See you at the stage door.

BlatantCommentWhoring™: Ask me my opinion on any of these shows and I will answer in the comments.

9 comments:

Elizabeth said...

I didn't realize that High Fidelity was a play? (remember, I live in Alaska and I don't get out much) Anyway, I loved the movie, how does it compare to the play?

yellojkt said...

High Fidelity only lasted about a month. The preview show I was at had plenty of seats in the balcony. Not a good sign.

Impetua said...

I have tickets to Spamalot, Camelot, 12 Angry Men, Sweeney Todd, and Avenue Q. Feel free to give me your opinions about any of these. :)

yellojkt said...

Spamalot and Avenue Q are both very self aware and funny. Sometimes side-splittingly. I would think that Camelot would depend a lot on the quality of the actors. That is kinda meta that they put both shows in the same package.

125records said...

"Menopause: The Musical"? Why... WHY??? Seriously, I'd be willing to bet the male-female ratio at that show is, like, 1-100, so I'm guessing your wife dragged you though it seems she might be a bit young for it. (There's something called "Shopping: The Musical" which has been playing in San Francisco for months now.)

Anonymous said...

What did you think of Altar Boyz?

yellojkt said...

Menopause is a local production of the off-Broadway show. The songs are parodies rather than original numbers and it really stretches to make 80 minutes. I wouldn't make a special trip to see it.

It had a buffet option that we took which was nice. The songs are funny and the four women in our show were very good. Guy/girl ratio was 1:10 and at 43, my wife and I weren't the youngest, but not by much.

Altar Boyz is extremely funny. The closeted gay guy is Sean Hayes funny and the Jewish guy is a riot too. It plays it very mock serious and doesn't make one priest molester joke.

Claude said...

A list like this and you didn't get to catch the performance of The Wiz that I saw? For shame.

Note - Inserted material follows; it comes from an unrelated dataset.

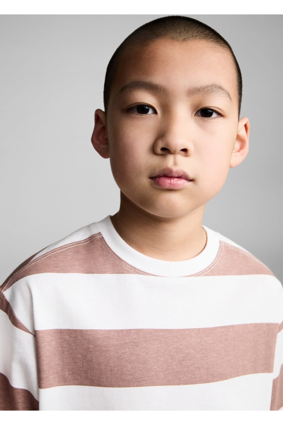 ۱۰۰٪ پنبه، برش بزرگ، طرح راه راه، ساختار سبک و صاف، یقه گرد.
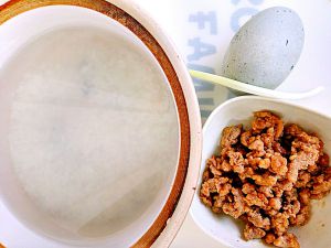 传统的粤式皮蛋瘦肉粥,是所有食材一起经过长时间熬煮而成,因此彼此水乳交融。外面很多时候吃到的皮蛋瘦肉粥,皮蛋和瘦肉丝和粥明显分离,那是生滚粥-也就是熬好的白粥,再度烧开,将皮蛋和瘦肉放进去,外加食材熟就离火。两者滋味差距甚远,要美味,还是要耐得住时间。

I saw Nunsense when it played here in town. Does that count as Major Tour or Regional?

Did you see that Young Frankenstein got a mixed review in the NY Times? The reviewer's chief complaint was that it adhered too closely to the film early on and as a result, most of the audience not only saw the jokes coming, they were saying them an instant before they were spoken onstage. Apparently it didn't work as well here as it does for, say, Rocky Horror.